Huangfu Haoran continuó, enumerando muchas otras recompensas. En toda la corte imperial, todos los ojos estaban fijos en Xu Ji.

¡En ese momento, el brillo que emanaba de Xu Ji eclipsó por completo a todos los demás en el Salón Dorado!

¡Gran Rey General!

¿Qué clase de honor tan increíble era ese?

Wei Feng permanecía a un lado, con una compleja mezcla de emociones agitándose en su interior. Los celos en sus ojos casi se desbordaban.

No era el único. Los otros ministros de alto rango de la corte no estaban mucho mejor, y todos miraban a Xu Ji con rostros llenos de envidia.

Un Rey Extranjero… ¿Cuántos años habían pasado desde que algo así sucediera? Aparte de la era fundacional del imperio, ¡ser nombrado Rey Extranjero en esta época de paz era algo de ensueño!

¡No era una cuestión de dificultad, sino de pura y simple imposibilidad!

Por su parte, el Señor Wang Moxuan fue el primero en reaccionar. Con una sonrisa profundamente sincera, se acercó a Xu Ji, hizo una reverencia con las manos juntas y dijo entre risas: —¡Felicidades, Gran Rey General!

Tras él, otros ministros de alto rango como Leng Mengde, Zhao Wenzhao y Sun Yunpeng se adelantaron para presentar sus respetos a Xu Ji.

En el pasado, todos eran ministros en el mismo salón. El rango de Xu Ji estaba incluso medio escalón por debajo del de algunos de ellos.

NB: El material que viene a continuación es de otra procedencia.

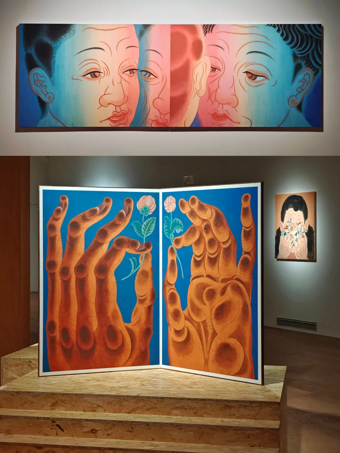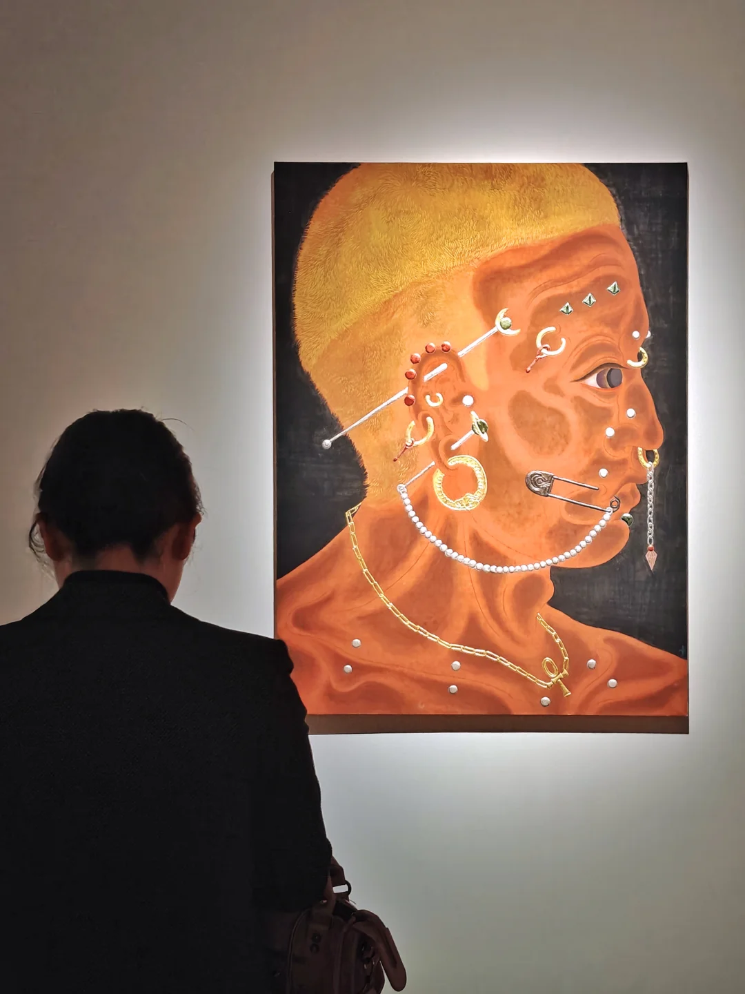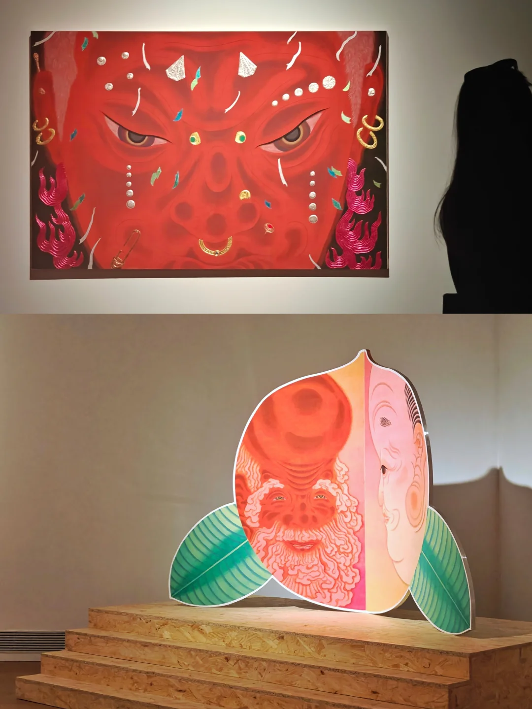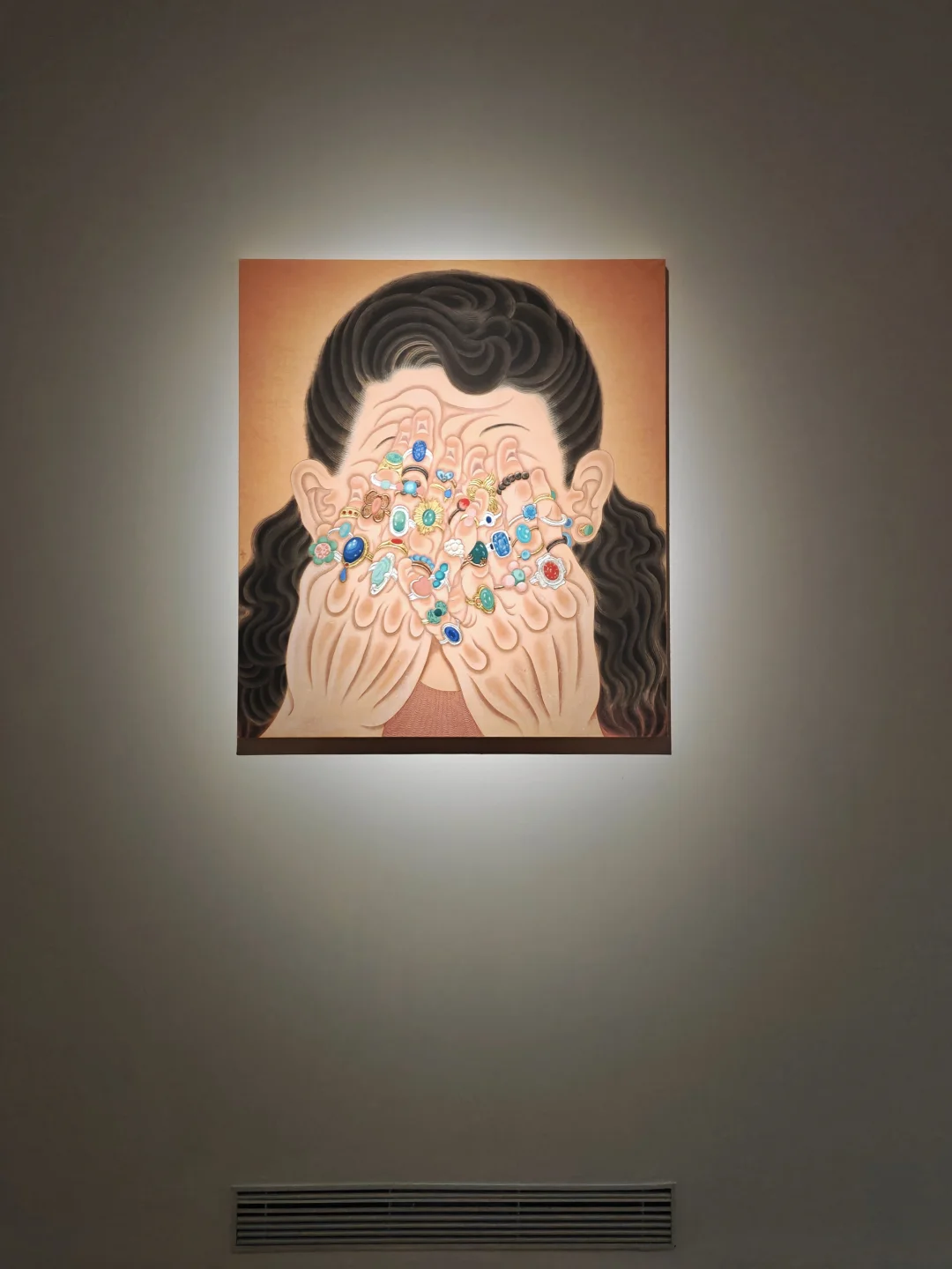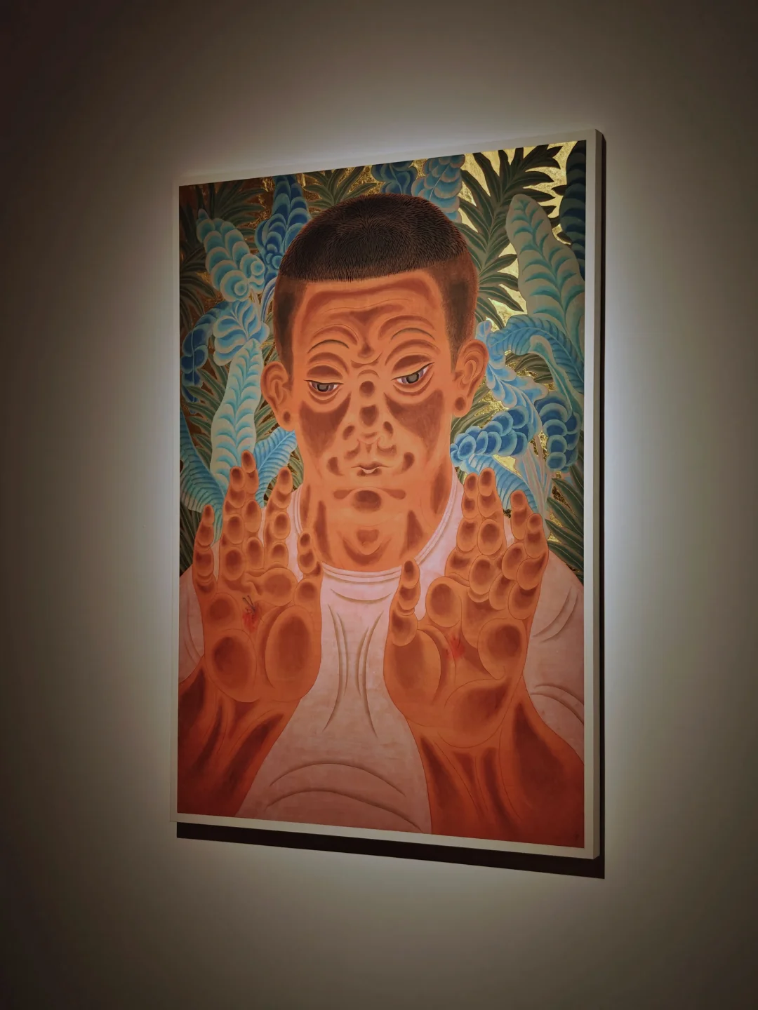 🖼️乍一看画面,很难想象这些作品是用传统的工笔重彩技法创作的。艺术家用孔雀石等天然矿物和金属箔,赋予色彩张力。他对材料物性的痴迷,源于对宗教和古建文化的深入考察,延续晚清外销画脉络,借高饱和色彩和特写展现深层等级秩序与拜物本质。

Pero ahora, ¡Xu Ji había sido ennoblecido como rey, un verdadero miembro de la más alta nobleza!

Incluso Wei Feng, el funcionario más poderoso de la corte actual, ahora tendría que inclinarse respetuosamente y saludar a Xu Ji con un: —¡Saludos, Gran Rey General!

Ni que decir tiene que los demás funcionarios civiles y militares se arremolinaron para presentar sus respetos.

Solo Wei Feng permaneció allí de pie, su rostro una máscara de emociones complejas. Los funcionarios que seguían a Wei Feng se retorcían las manos, ansiosos. Aunque seguían a Wei Feng y no soportaban a Xu Ji, ahora que era el Gran Rey General… era imposible ignorarlo como lo habían hecho en el pasado.

Quién sabe cuándo, pero en algún momento en el futuro, Xu Ji podría encontrar cualquier excusa para arrojarlos a un abismo sin retorno.

Tras una larga vacilación, Wei Feng exhaló un largo suspiro y, lentamente, caminó hacia Xu Ji.